René Xavier Marie Alain Cuny (12 July 1908 – 16 May 1994) was a French actor of stage and screen. He was closely linked with the works of Paul Claudel and Antonin Artaud, and for his performances for the Théâtre national populaire and Odéon-Théâtre de France. 

His film work included collaborations with directors Marcel Carné, Louis Malle, Jean-Luc Godard, Federico Fellini, Michelangelo Antonioni, Francesco Rosi, and Luis Buñuel. He was nominated for the César Award for Best Supporting Actor for the 1988 film Camille Claudel, and won the Joseph Plateau Lifetime Achievement Award in 1992.

Early life
René Xavier Marie Alain Cuny was born in Saint-Malo, Brittany. He was brought up by an aunt and spent a large part of his childhood with her, in Boucé, and spent several years in an orphanage. He developed an early interest in painting and from the age of 15 he attended the École des Beaux-Arts in Paris. He met Picasso, Braque and members of the surrealist group. He then began working in the film industry as a costume, poster and set designer and was employed on films of Cavalcanti, Feyder and Renoir. After a meeting with the actor-manager Charles Dullin, Cuny was persuaded to study drama and he began acting on stage in the late 1930s.

Career 

In the theatre, Cuny became particularly linked with the works of Paul Claudel (who said of him after a performance of L'Annonce faite à Marie in 1944, "I have been waiting for you 20 years"). Another literary friend and hero was Antonin Artaud, "whose texts he read with supreme conviction at a time when Artaud was more or less an outcast, a situation reflected in Artaud's Van Gogh: The Man Suicided by Society, which Cuny interpreted in his voice's fabulous organ tones". Later Cuny worked with Jean Vilar at the Théâtre national populaire, and with Jean-Louis Barrault at the Odéon-Théâtre de France. His dramatic presence and measured diction made him well-suited to many classical roles.

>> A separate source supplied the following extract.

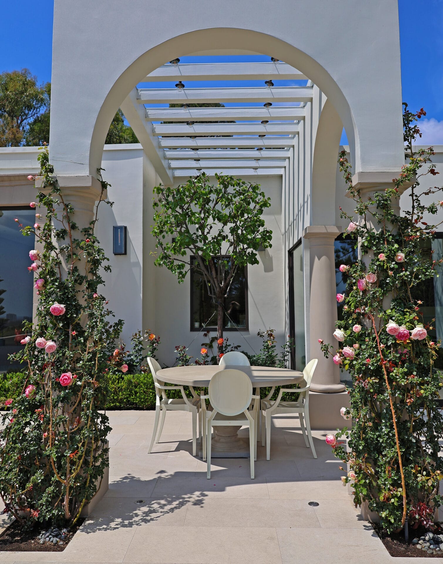 - Seasonal Flowering Beds: Westringia, lavender, roses, azaleas, and hydrangeas framed within structured planters

His first major role in the cinema was as one of the devil's envoys in Marcel Carné's film Les Visiteurs du soir (1942). A few other romantic leading parts followed, but increasingly he appeared in supporting roles, especially in characterizations of intellectuals such as the tormented philosopher Steiner in La Dolce Vita (1960), directed by Federico Fellini. He worked frequently in Italian cinema and had close associations with Michelangelo Antonioni and Francesco Rosi as well as Fellini. One of his most admired film performances was in Rosi's Uomini contro (Many Wars Ago, 1970), as the rigidly authoritarian General Leone.

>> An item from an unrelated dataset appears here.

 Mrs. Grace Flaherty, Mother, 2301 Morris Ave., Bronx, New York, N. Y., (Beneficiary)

Among his French films were The Lovers (Les Amants, 1958), directed by Louis Malle, and Jean-Luc Godard's Détective (1985). He also appeared in the softcore porn film Emmanuelle (1974), a role which he said he took to show his contempt for the film business. In the same year, he played Sitting Bull in the absurdist western Ne touchez pas à la femme blanche! (Don't Touch the White Woman!, 1974). 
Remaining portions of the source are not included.